** ABOUT THIS EXERCISE **
From the listing below, please restate exactly the lines beginning at the one with "9月13日,由中国设备管理协" and ending at the one with "- 없는 키값에 억세스하면 KeyError가 발생한다.", both included, and skip the pictures.

** EXERCISE DATA **
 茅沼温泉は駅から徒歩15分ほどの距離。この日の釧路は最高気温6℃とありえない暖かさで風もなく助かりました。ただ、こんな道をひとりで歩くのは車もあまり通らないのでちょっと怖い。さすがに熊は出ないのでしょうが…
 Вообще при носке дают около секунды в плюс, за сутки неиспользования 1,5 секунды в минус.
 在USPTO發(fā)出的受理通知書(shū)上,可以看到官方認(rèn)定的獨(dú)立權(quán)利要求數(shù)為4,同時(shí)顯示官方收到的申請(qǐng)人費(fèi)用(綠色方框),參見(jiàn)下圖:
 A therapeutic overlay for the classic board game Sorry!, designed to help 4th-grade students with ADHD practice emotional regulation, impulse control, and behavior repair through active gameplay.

--

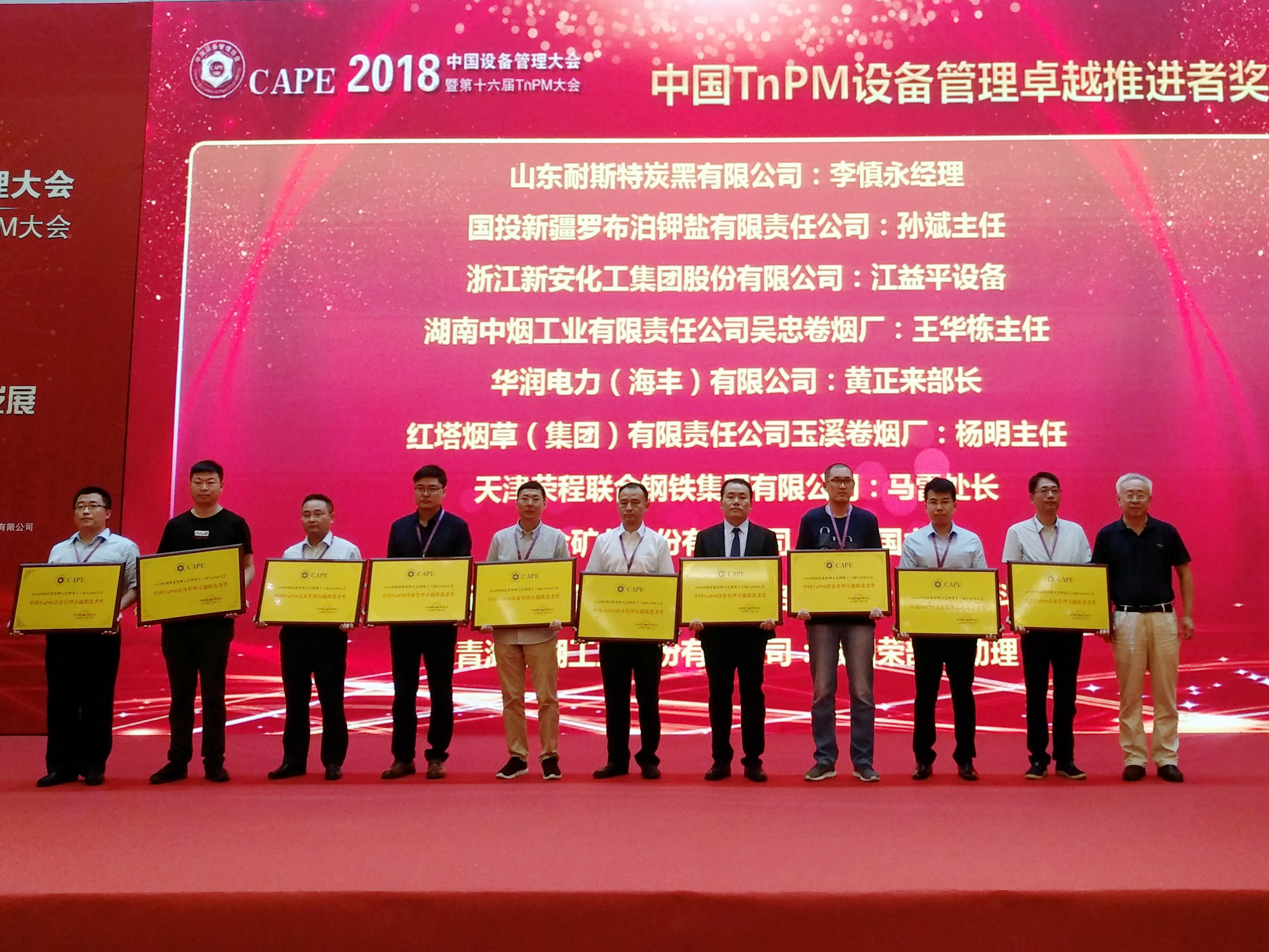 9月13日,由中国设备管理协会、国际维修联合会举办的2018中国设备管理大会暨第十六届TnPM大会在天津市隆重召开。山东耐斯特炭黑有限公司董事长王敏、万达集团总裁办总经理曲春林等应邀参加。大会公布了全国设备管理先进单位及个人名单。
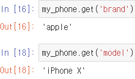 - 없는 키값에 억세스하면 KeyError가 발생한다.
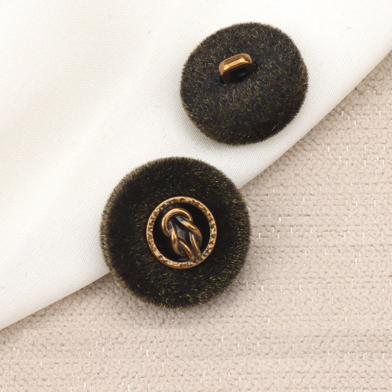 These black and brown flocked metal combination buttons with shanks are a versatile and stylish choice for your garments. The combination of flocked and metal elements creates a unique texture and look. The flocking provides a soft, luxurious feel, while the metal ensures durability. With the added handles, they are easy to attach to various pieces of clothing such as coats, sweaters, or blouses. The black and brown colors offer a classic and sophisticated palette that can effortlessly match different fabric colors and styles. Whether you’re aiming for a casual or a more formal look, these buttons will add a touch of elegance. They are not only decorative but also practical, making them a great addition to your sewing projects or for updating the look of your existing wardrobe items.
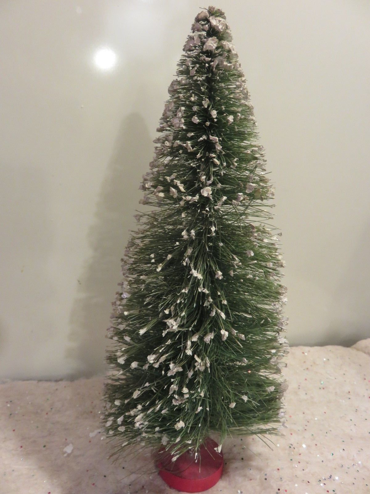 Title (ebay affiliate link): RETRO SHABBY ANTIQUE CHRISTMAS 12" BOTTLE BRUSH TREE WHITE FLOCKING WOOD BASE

** RESULT OF THIS EXERCISE **
 9月13日,由中国设备管理协会、国际维修联合会举办的2018中国设备管理大会暨第十六届TnPM大会在天津市隆重召开。山东耐斯特炭黑有限公司董事长王敏、万达集团总裁办总经理曲春林等应邀参加。大会公布了全国设备管理先进单位及个人名单。
 - 없는 키값에 억세스하면 KeyError가 발생한다.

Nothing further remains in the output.